§ **Action item**
Write every line of the material again exactly, with no pictures in the copy.

§ **Dataset content**
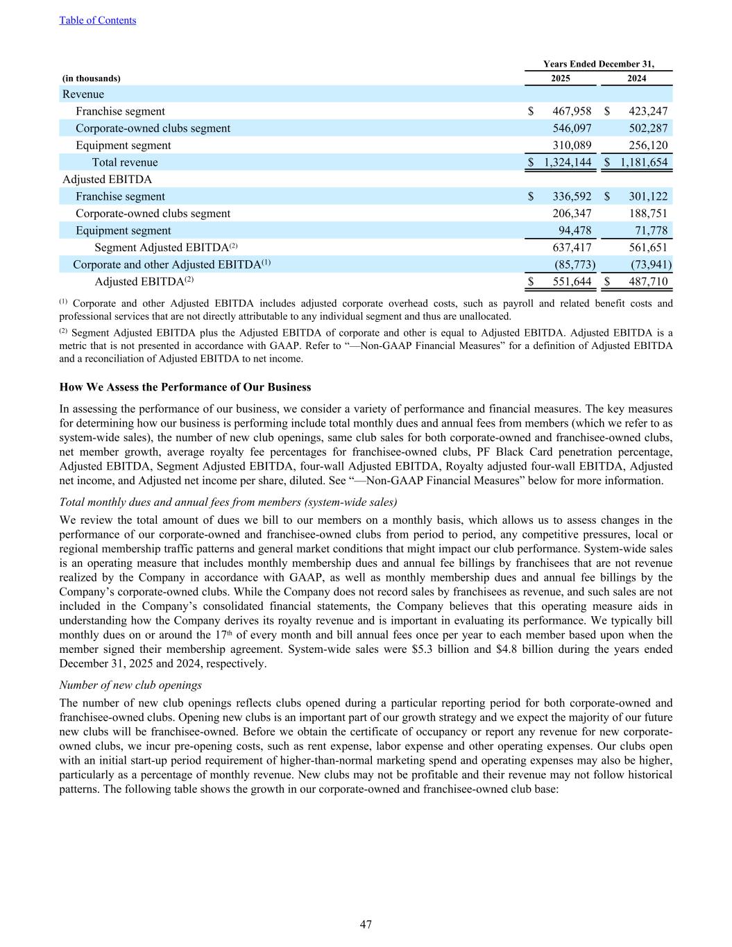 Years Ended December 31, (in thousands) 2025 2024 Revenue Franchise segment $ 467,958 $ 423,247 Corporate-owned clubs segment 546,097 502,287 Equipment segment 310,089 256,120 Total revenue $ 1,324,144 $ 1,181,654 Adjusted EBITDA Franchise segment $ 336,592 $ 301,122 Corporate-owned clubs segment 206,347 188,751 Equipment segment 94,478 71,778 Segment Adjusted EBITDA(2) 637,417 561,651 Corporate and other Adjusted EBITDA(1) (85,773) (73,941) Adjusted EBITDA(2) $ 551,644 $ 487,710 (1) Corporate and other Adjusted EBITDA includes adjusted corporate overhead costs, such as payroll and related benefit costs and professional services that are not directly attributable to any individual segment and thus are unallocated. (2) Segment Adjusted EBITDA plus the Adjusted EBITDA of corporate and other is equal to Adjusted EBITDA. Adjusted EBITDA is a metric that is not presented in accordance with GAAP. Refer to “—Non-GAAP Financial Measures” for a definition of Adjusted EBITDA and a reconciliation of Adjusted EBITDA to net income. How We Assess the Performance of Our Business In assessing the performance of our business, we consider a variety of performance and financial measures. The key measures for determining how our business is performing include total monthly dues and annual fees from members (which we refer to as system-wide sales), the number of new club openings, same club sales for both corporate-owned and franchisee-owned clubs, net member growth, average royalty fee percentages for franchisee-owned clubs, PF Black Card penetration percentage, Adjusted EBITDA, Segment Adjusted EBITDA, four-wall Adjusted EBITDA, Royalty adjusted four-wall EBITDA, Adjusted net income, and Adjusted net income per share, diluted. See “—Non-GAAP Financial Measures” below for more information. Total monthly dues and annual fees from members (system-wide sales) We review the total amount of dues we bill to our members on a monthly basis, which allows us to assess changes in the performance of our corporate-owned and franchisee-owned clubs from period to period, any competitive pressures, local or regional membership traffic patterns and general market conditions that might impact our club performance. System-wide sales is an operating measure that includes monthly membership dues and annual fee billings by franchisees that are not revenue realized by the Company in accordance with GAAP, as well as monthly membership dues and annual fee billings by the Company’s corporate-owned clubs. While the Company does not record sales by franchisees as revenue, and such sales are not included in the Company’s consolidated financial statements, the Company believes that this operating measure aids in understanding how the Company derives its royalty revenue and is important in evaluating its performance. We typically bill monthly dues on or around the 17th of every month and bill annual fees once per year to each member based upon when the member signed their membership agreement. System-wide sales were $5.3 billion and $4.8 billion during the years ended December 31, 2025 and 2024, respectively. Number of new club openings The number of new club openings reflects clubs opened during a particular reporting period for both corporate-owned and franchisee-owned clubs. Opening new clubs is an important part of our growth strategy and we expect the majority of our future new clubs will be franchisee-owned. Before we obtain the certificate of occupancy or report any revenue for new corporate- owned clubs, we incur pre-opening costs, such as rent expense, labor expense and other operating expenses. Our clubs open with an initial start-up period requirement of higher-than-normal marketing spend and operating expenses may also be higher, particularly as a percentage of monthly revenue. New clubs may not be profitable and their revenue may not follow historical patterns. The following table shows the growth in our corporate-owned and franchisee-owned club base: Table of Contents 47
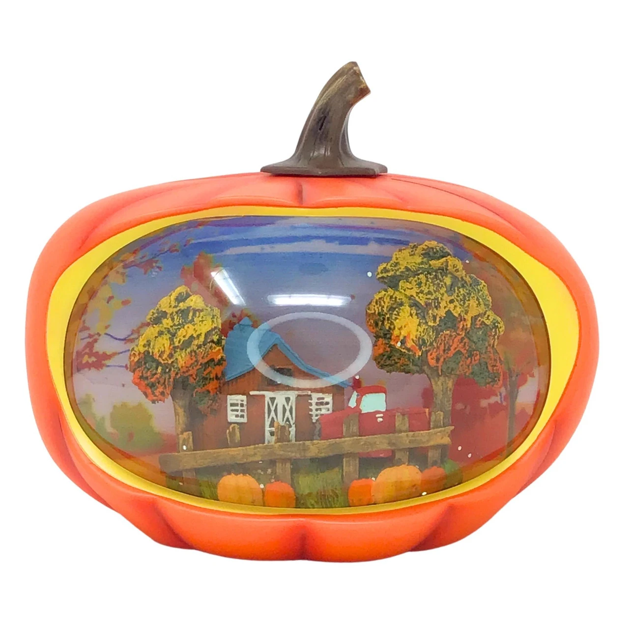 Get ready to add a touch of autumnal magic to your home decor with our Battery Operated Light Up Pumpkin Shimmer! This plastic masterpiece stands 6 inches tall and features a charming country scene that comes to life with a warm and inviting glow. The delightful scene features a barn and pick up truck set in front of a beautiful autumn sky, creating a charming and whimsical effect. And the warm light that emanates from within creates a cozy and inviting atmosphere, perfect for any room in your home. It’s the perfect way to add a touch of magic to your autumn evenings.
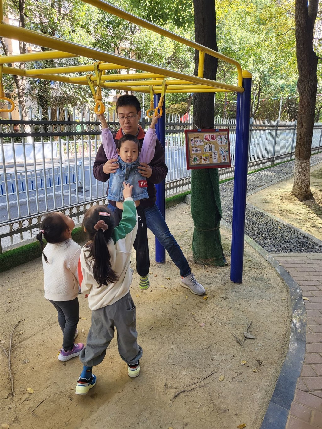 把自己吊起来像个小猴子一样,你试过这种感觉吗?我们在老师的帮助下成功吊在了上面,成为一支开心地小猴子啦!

§ **Expected output**
 Years Ended December 31, (in thousands) 2025 2024 Revenue Franchise segment $ 467,958 $ 423,247 Corporate-owned clubs segment 546,097 502,287 Equipment segment 310,089 256,120 Total revenue $ 1,324,144 $ 1,181,654 Adjusted EBITDA Franchise segment $ 336,592 $ 301,122 Corporate-owned clubs segment 206,347 188,751 Equipment segment 94,478 71,778 Segment Adjusted EBITDA(2) 637,417 561,651 Corporate and other Adjusted EBITDA(1) (85,773) (73,941) Adjusted EBITDA(2) $ 551,644 $ 487,710 (1) Corporate and other Adjusted EBITDA includes adjusted corporate overhead costs, such as payroll and related benefit costs and professional services that are not directly attributable to any individual segment and thus are unallocated. (2) Segment Adjusted EBITDA plus the Adjusted EBITDA of corporate and other is equal to Adjusted EBITDA. Adjusted EBITDA is a metric that is not presented in accordance with GAAP. Refer to “—Non-GAAP Financial Measures” for a definition of Adjusted EBITDA and a reconciliation of Adjusted EBITDA to net income. How We Assess the Performance of Our Business In assessing the performance of our business, we consider a variety of performance and financial measures. The key measures for determining how our business is performing include total monthly dues and annual fees from members (which we refer to as system-wide sales), the number of new club openings, same club sales for both corporate-owned and franchisee-owned clubs, net member growth, average royalty fee percentages for franchisee-owned clubs, PF Black Card penetration percentage, Adjusted EBITDA, Segment Adjusted EBITDA, four-wall Adjusted EBITDA, Royalty adjusted four-wall EBITDA, Adjusted net income, and Adjusted net income per share, diluted. See “—Non-GAAP Financial Measures” below for more information. Total monthly dues and annual fees from members (system-wide sales) We review the total amount of dues we bill to our members on a monthly basis, which allows us to assess changes in the performance of our corporate-owned and franchisee-owned clubs from period to period, any competitive pressures, local or regional membership traffic patterns and general market conditions that might impact our club performance. System-wide sales is an operating measure that includes monthly membership dues and annual fee billings by franchisees that are not revenue realized by the Company in accordance with GAAP, as well as monthly membership dues and annual fee billings by the Company’s corporate-owned clubs. While the Company does not record sales by franchisees as revenue, and such sales are not included in the Company’s consolidated financial statements, the Company believes that this operating measure aids in understanding how the Company derives its royalty revenue and is important in evaluating its performance. We typically bill monthly dues on or around the 17th of every month and bill annual fees once per year to each member based upon when the member signed their membership agreement. System-wide sales were $5.3 billion and $4.8 billion during the years ended December 31, 2025 and 2024, respectively. Number of new club openings The number of new club openings reflects clubs opened during a particular reporting period for both corporate-owned and franchisee-owned clubs. Opening new clubs is an important part of our growth strategy and we expect the majority of our future new clubs will be franchisee-owned. Before we obtain the certificate of occupancy or report any revenue for new corporate- owned clubs, we incur pre-opening costs, such as rent expense, labor expense and other operating expenses. Our clubs open with an initial start-up period requirement of higher-than-normal marketing spend and operating expenses may also be higher, particularly as a percentage of monthly revenue. New clubs may not be profitable and their revenue may not follow historical patterns. The following table shows the growth in our corporate-owned and franchisee-owned club base: Table of Contents 47
 Get ready to add a touch of autumnal magic to your home decor with our Battery Operated Light Up Pumpkin Shimmer! This plastic masterpiece stands 6 inches tall and features a charming country scene that comes to life with a warm and inviting glow. The delightful scene features a barn and pick up truck set in front of a beautiful autumn sky, creating a charming and whimsical effect. And the warm light that emanates from within creates a cozy and inviting atmosphere, perfect for any room in your home. It’s the perfect way to add a touch of magic to your autumn evenings.
 把自己吊起来像个小猴子一样,你试过这种感觉吗?我们在老师的帮助下成功吊在了上面,成为一支开心地小猴子啦!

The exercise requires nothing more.